Rumor detection on social media¶
Rumor detection is the task of automatically identifying claims that emerge on social media as true, false, unverified, or non-rumors. This complements fake news detection (typically focused on articles from news outlets) by targeting the shorter-form, conversation-driven claims on Twitter, Weibo, Reddit, and other platforms where false information spreads rapidly.
Key signals for rumor detection¶
Rumor detection literature emphasizes multiple complementary signals:
- Propagation structure: How the claim spreads through retweets and replies contains signals about veracity.
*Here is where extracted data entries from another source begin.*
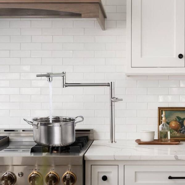 Deck Mounted Pot Filler with Double Handles in Brushed Nickel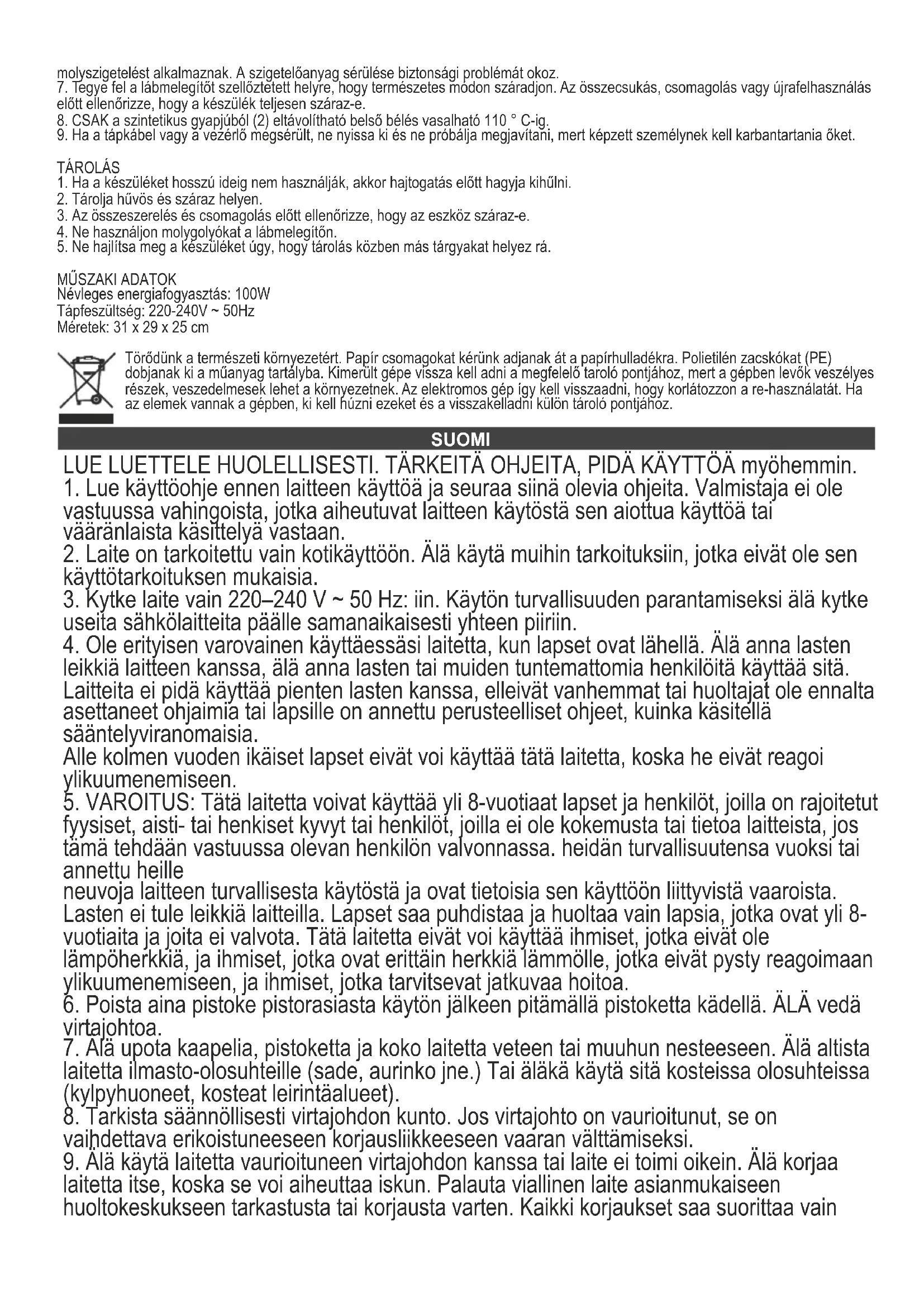 TEKNISET TIEDOT Nimellinen virrankulutus: 100 W Syöttöjännite: 220-240V ~ 50Hz Mitat 31 x 29 x 25 cm NEDERLANDS Kantakaamme huolta ympäristöstä. Pahvipakkauksen pyydämme laittamaan paperikierrätykseen. Polyeteenipussit (PE) tulee laittaa muovien kierrätysastiaan. Loppuun käytetyt laitteet tulee toimittaa asianmukaiseen keräyspisteeseen, koska laitteen sisältämät vaaralliset aineosat voivat olla ympäristölle vahingollisia. Sähkölaite tulee toimittaa siten, että sen uudelleenkäyttö on estetty. Jos laitteessa on paristo, paristo tulee poistaa ja toimittaa erillisesti keräyspisteeseen. LEES DIT ZORGVULDIG DOOR. BELANGRIJKE INSTRUCTIES, BEWAREN VOOR LATER GEBRUIK.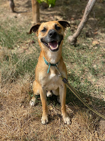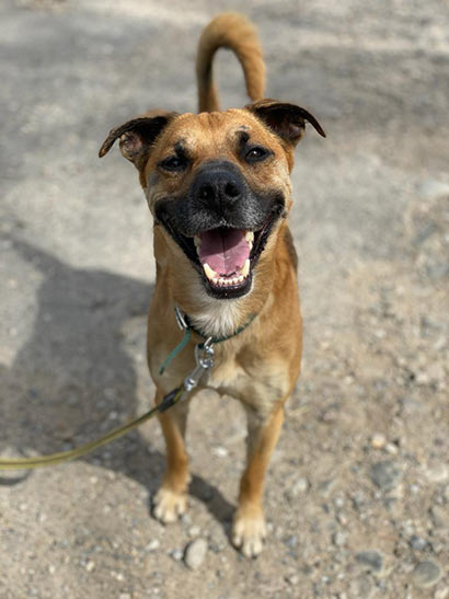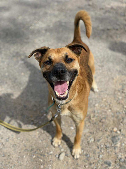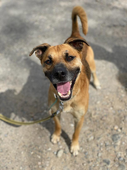 Im Tierheim zeigt er sich sehr gestresst mit anderen Hunden und zieht an der Leine.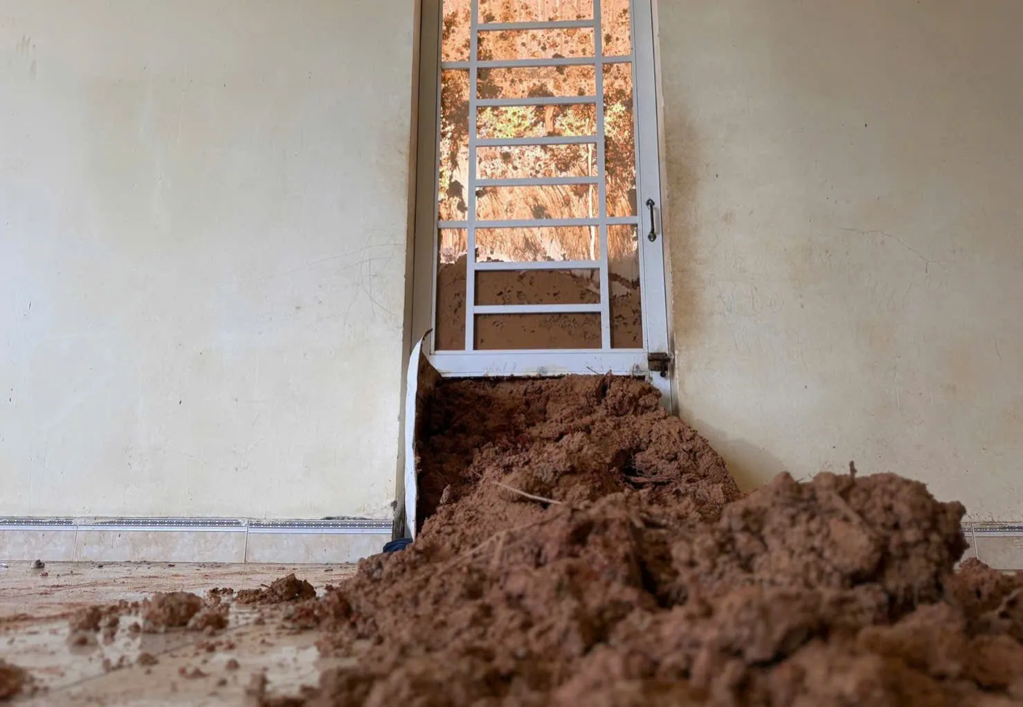 Đất đá tràn vào nhà dân, làm hư hỏng một phần công trình sau đợt mưa lớn.

Ma et al. (2018) show that recursive patterns in thread responses—e.g., supportive replies to denials, questioning replies to affirmations—reveal the underlying truth value.
- Temporal dynamics: Early retweet velocity and acceleration patterns differ between true and false rumors.
- User profiles: The reputation, follower count, and verification status of early spreaders matter; false rumors often originate from less-established accounts.
- Stance signals: User comments and replies express explicit stances (support, deny, question, comment) toward the rumor.
- Content features: Linguistic features, sentiment, and emotional language in the rumor itself.
Key papers in this wiki¶
- Kumar & Carley (2019) — Tree LSTMs with Convolution Units to Predict Stance and Rumor Veracity in Social Media Conversations: Proposes Tree LSTM and Binarized Constituency Tree (BCTree) LSTM architectures with convolution units for stance and veracity classification; achieves 0.520 mean F1 for stance and 0.379 for veracity on PHEME dataset, outperforming prior work by 12% and 15% respectively; uses multi-task learning to jointly optimize both tasks.
- Lu & Li (2020) — GCAN: Graph-aware Co-Attention Networks for Explainable Fake News Detection: Models retweet propagation sequences using GCN and dual co-attention; achieves 87.7% accuracy on Twitter15 and 90.8% on Twitter16; demonstrates that graph-based representations of user interactions (modeled as fully-connected graphs with cosine-similarity edge weights) capture veracity signals; provides interpretable explanations highlighting suspicious user types and informative words.
- Bian et al. (2020) — Rumor Detection on Social Media with Bi-Directional Graph Convolutional Networks: first GCN-based rumor detection combining top-down propagation patterns (TD-GCN) and bottom-up dispersion patterns (BU-GCN); source-post feature enhancement amplifies early information; achieves 96.1% accuracy on Weibo, 88.6% on Twitter15, 88.0% on Twitter16, with strong early-detection performance.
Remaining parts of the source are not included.